- Born: 14 November 1830 Hull, England
- Died: 30 November 1909 (aged 79) Uitenhage, Cape Province
- Scientific career
- Fields: Botanist
- Author abbrev. (botany): MacOwan

= Peter MacOwan =

British botanist (1830-1909)

Peter MacOwan (14 November 1830 in Hull, England – 30 November 1909 in Uitenhage, Cape Province) was a British colonial botanist and teacher in South Africa.

==Early life and education==
He was the son of Peter McOwan, a Wesleyan minister from Scotland. After finishing school, he taught at Bath, Colchester, and Leeds, and in 1857 taught chemistry at the Huddersfield College Laboratory. That same year he graduated in chemistry from the University of London, becoming professor of chemistry at Huddersfield.

==Botanical work==
The year before, he married Amelia Day from Bristol.
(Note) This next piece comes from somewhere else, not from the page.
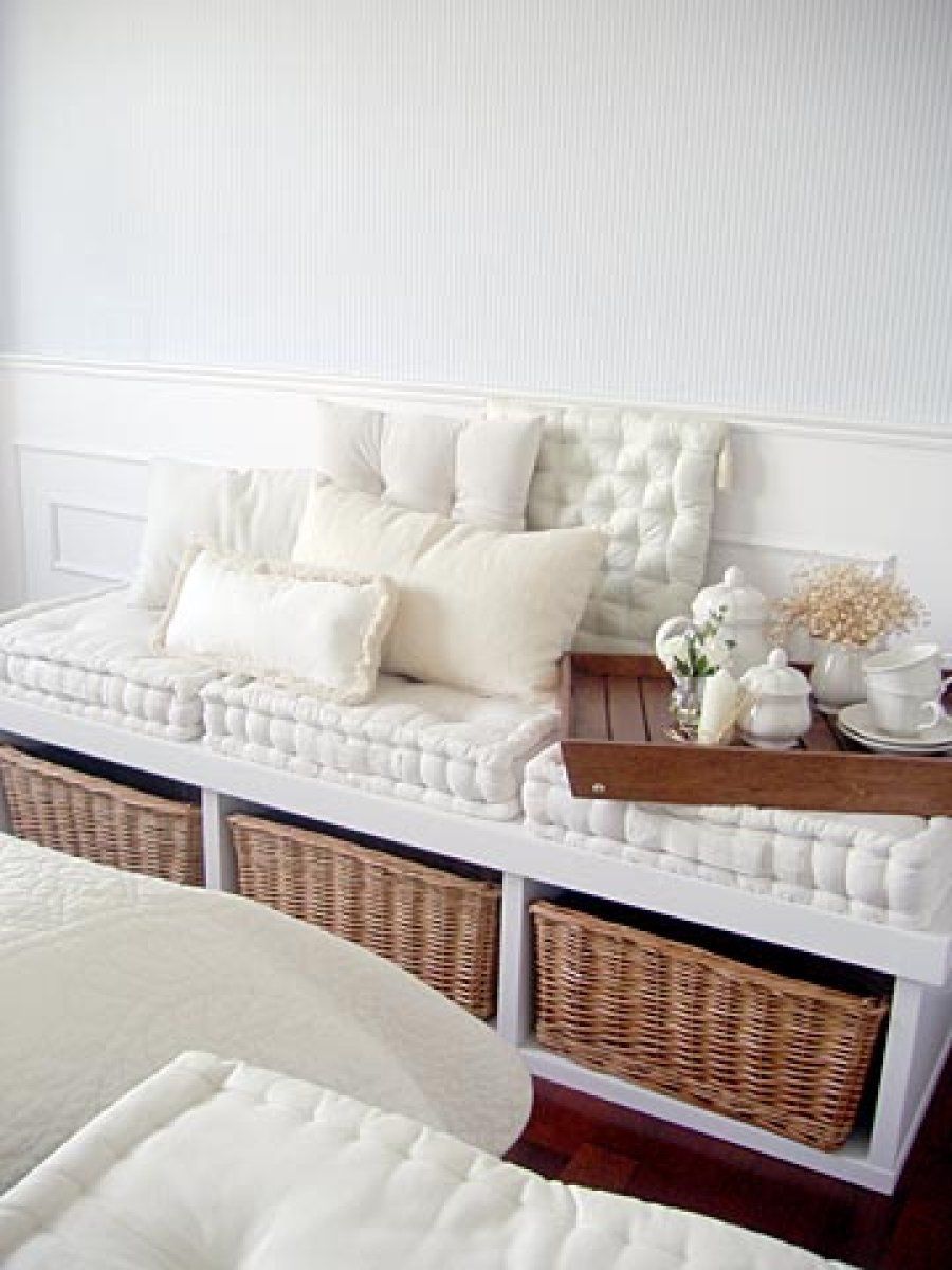 Después de confeccionar ella misma las caídas que combinan con los estores de loneta de Ikea, aprovechó la cretona de la firma Sati para tapizar el bandó. La luz corre a cargo de una lámpara de techo heredada con pantallas de lino y pequeñas lágrimas. No podemos perder de vista el mueble de televisión convertido por milagro de la restauración, el mimbre y los cojines.

A severe lung condition, possibly asthma, caused him to move to South Africa and take up the post of principal at the newly established Shaw College in Grahamstown. His health rapidly improved and leaving chemistry behind he resumed studying botany in which he had become interested while still in England, having started a collection of flowers and mosses. This interest was furthered by his association with Dr William Guybon Atherstone, Henry Hutton and Mrs. F. W. Barber. He entered into a fruitful exchange of specimens and correspondence with Asa Gray of the States, Sir William Hooker of Kew and with Harvey and Sonder who were working on the Flora Capensis. Finding it a drain on his own time to supply duplicates to overseas collectors, he formed the South African Botanical Exchange Society, which brought together a large number of amateur botanists. By 1868, roughly 9000 duplicates had been sent abroad, for which in return they received specimens from Europe, North America and Australia. With Harry Bolus he issued the exsiccata Herbarium normale Austro-africanum conflaverunt Macowan & Bolus (1882 - ?1894), followed up by the specimen series Herbarium Austro-africanum continuavit Macowan(1894 - ?1899). His contributions are acknowledged in the introductions to Flora Capensis. He assisted Atherstone and HG Galpin in confirming in 1867 that the Hopetown or Eureka Diamond was indeed a diamond.

Eventually he became head of natural sciences and Rector at Gill College, Somerset East, South Africa and then later director of the Cape Town Botanical Garden. During his time in Cape Town he collated specimens that Henry Flanagan from Kouga sent him. He was also the curator of the Cape Government Herbarium.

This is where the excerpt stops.